The government shutdown has entered uncharted waters — it is now the longest full shutdown in American history. And we are hearing firsthand that the impact on the housing sector is dire and growing worse by the day.
In rural Oklahoma, Realtor Christina shared what she’s seeing. “Roughly 80 percent of our home loans are USDA or HUD-184 programs,” she said. “We’re already feeling the impact. We had two closings scheduled for Friday, but beyond that, our pipeline has essentially stalled until the government reopens and approvals resume.”
That means nearly every aspect of her business is frozen. “Our phones have gone quiet,” she said. “Offers aren’t being made or accepted, and showings have slowed significantly. We have one triple closing completely held up waiting on a USDA buyer, and we’re now over a month into extensions. Each of these buyers has already invested thousands into earnest money, appraisals, inspections and title work, and we’re doing everything we can to keep sellers from walking away.”
Her story captures what small-town real estate professionals across the country are facing. For many buyers, this home is their chance at stability and generational wealth. Each day the shutdown continues pushes that dream further out of reach.
The USDA and HUD-184 programs Christina referenced are designed precisely for the communities that can least afford a disruption. USDA loans serve low- to moderate-income families in rural America, while HUD-184 loans provide financing for Native American borrowers who often face limited mortgage options. Loan endorsements are also backing up at the Federal Housing Administration and Department of Veterans Affairs. Together, these programs represent a lifeline for millions of Americans.

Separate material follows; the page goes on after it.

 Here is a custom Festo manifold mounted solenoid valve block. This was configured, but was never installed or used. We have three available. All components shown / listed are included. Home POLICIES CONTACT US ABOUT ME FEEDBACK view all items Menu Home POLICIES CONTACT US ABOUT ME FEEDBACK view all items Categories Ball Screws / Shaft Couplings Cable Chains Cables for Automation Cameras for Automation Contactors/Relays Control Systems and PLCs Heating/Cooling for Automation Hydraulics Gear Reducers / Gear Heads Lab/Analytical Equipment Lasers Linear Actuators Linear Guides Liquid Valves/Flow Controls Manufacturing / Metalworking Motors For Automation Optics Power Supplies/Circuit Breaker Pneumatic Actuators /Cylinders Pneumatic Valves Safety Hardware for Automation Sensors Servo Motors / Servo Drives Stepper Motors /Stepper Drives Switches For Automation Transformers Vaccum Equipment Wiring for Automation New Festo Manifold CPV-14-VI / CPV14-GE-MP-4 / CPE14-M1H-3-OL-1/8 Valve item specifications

Now, with these rural and tribal mortgage programs frozen, transactions are stalled indefinitely. Appraisals expire, rate locks lapse and approvals vanish. For families living paycheck to paycheck, there’s no cushion to start over. Sellers, unsure when they’ll ever close, are walking away from deals and relisting their homes — often at higher prices.

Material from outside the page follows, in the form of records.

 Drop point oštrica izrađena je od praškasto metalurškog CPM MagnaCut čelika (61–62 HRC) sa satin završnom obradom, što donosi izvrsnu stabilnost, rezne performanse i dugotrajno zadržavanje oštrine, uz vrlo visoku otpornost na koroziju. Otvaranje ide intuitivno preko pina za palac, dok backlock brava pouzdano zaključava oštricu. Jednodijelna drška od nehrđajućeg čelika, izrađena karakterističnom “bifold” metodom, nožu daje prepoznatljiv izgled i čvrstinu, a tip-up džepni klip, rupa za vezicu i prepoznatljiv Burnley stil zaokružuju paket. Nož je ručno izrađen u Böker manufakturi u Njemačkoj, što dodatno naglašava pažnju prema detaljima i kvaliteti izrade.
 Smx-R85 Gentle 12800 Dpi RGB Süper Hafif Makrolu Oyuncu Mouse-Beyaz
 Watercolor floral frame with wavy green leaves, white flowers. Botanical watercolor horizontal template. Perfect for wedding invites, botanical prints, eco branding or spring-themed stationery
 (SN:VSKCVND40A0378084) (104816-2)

Her experience illustrates a reality often lost in the headlines: for many homebuyers and sellers, the damage from a federal shutdown is already here. What Washington policymakers call a “temporary funding lapse” is, in practice, a permanent setback for families who have saved, planned and dreamed of homeownership.
The effects are cascading through local economies. Each delayed closing hurts an entire network of professionals — appraisers, inspectors, contractors, lenders, and title companies — and drains momentum from small towns and city neighborhoods alike.
The real estate sector accounts for nearly one-fifth of the entire U.S. economy, with each home sale generating more than $125,000 in local economic activity and supporting two jobs. When transactions stall, that economic engine grinds to a halt.
It’s not just the loan programs at risk. Since Oct. 1, the National Flood Insurance Program has been unable to issue new or renewal policies without congressional reauthorization. That leaves homebuyers in flood-prone areas exposed without coverage for a hazard that can cause $25,000 in damage from just one inch of flooding.
NAR research, based on a 60-day lapse in National Flood Insurance Program authority in 2010, found that up to 40,000 home sales per month were affected, putting roughly $7 billion in real estate transactions at risk.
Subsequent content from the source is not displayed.